The procedure can be explained as follows: we let a parameter $\varepsilon$ start at 0, and as we increase it all the way to infinity we keep considering the instantaneous subgraphs made of a) all the vertices in the original graph, and b) those edges whose weight is less than or equal to the current $\varepsilon$. We also promote these subgraphs to more general structures called **(simplicial) complexes** that, alongside vertices and edges, also possess $k$**-simplices**, i.e. selected subsets of $k + 1$ vertices (a 2-simplex is an abstract "triangle", a 3-simplex an abstract "tetrahedron", etc). Our criterion is this: for each integer $k \geq 2$, all $(k + 1)$-cliques in each instantaneous subgraph are declared to be the $k$-simplices of the subgraph's associated complex. By definition, the $0$-simplices are the vertices and the $1$-simplices are the available edges.
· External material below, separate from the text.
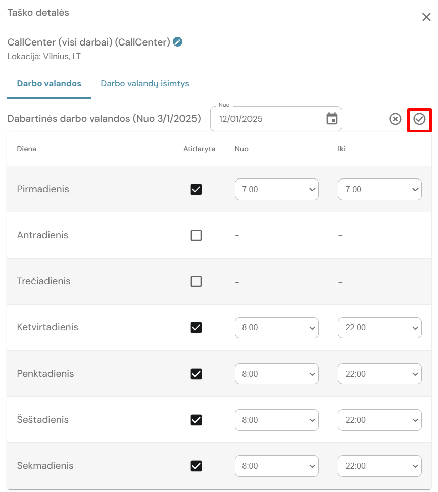 5. Nustatyti naujas darbo valandas pagal savaitės dieną, bei pasirinkti ar tomis dienomis taškas yra atidarytas

As $\varepsilon$ increases from 0 (included) to infinity, we record the following information:
1. How many new **connected components** are created because of the appearance of vertices (in this example, all vertices "appear" in one go at $\varepsilon = 0$, by definition!), or merge because of the appearance of new edges.
2. How many new 1-dimensional "holes", 2-dimensional "cavities", or more generally $d$-dimensional **voids** are created in the instantaneous complex. A hole, cavity, or $d$-dimensional void is such only if there is no collection of "triangles", "tetrahedra", or $(d + 1)$-simplices which the void is the "boundary" of. *Note*: Although the edges of a triangle *alone* "surround a hole", these cannot occur in our particular construction because the "filling" triangle is also declared present in the complex when all its edges are.
3. How many $d$-dimensional voids which were present at earlier values of $\epsilon$ are "filled" by $(d + 1)$-simplices which just appear.

This process of recording the full topological history of the graph across all edge weights is called (Vietoris-Rips) **persistent homology**!
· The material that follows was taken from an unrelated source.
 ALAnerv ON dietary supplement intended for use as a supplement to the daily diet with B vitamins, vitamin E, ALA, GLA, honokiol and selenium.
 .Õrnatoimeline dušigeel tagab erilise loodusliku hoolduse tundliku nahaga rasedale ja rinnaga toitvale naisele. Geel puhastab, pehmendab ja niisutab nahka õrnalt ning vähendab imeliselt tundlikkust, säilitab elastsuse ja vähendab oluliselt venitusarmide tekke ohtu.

Let us start at $\varepsilon = 0$: Some edges had zero weight in our graph, so they already appear!
![](https://raw.githubusercontent.com/ulupo/giotto-tda/examples/flagser_notebook/examples/images/clique_complex_0_small.png)
There are 9 connected components, and nothing much else.

Up to and including $\varepsilon = 2$, a few more edges are added which make some of the connected components merge together but do not create any hole, triangles, or higher cliques. Let us look at $\varepsilon = 3$:
![](https://raw.githubusercontent.com/ulupo/giotto-tda/examples/flagser_notebook/examples/images/clique_complex_3_small.png)
The newly arrived edges reduce the number of connected components further, but more interestingly they create a 1D hole!

As an example of a "higher"-simplex, at $\varepsilon = 4$ we get our first triangle:
![](https://raw.githubusercontent.com/ulupo/giotto-tda/examples/flagser_notebook/examples/images/clique_complex_4_small.png)

At $\varepsilon = 5$, our 1D hole is filled:
![](https://raw.githubusercontent.com/ulupo/giotto-tda/examples/flagser_notebook/examples/images/clique_complex_5_small.png)

At $\varepsilon = 8$, two new 1D holes appear:
![](https://raw.githubusercontent.com/ulupo/giotto-tda/examples/flagser_notebook/examples/images/clique_complex_8_small.png)

Finally, at $\varepsilon = 9$, some more connected components merge, but no new voids are either created or destroyed:
![](https://raw.githubusercontent.com/ulupo/giotto-tda/examples/flagser_notebook/examples/images/clique_complex_9_small.png)

We can stop as we have reached the maximum value of $\varepsilon$, beyond which nothing will change: there is only one connected component left, but there are also two 1D holes which will never get filled.

`VietorisRipsPersistence(metric="precomputed")` on the original graph's adjacency matrix would return the result of the computation like this:

In [None]:
persistence_diagrams = np.array([[[0., 1., 0],
                                  [0., 2., 0],
                                  [0., 2., 0],
                                  [0., 3., 0],
                                  [0., 4., 0],
                                  [0., 5., 0],
                                  [0., 6., 0],
                                  [0., 7., 0],
                                  [3., 5., 1],
                                  [8., np.inf, 1],
                                  [8., np.inf, 1]]])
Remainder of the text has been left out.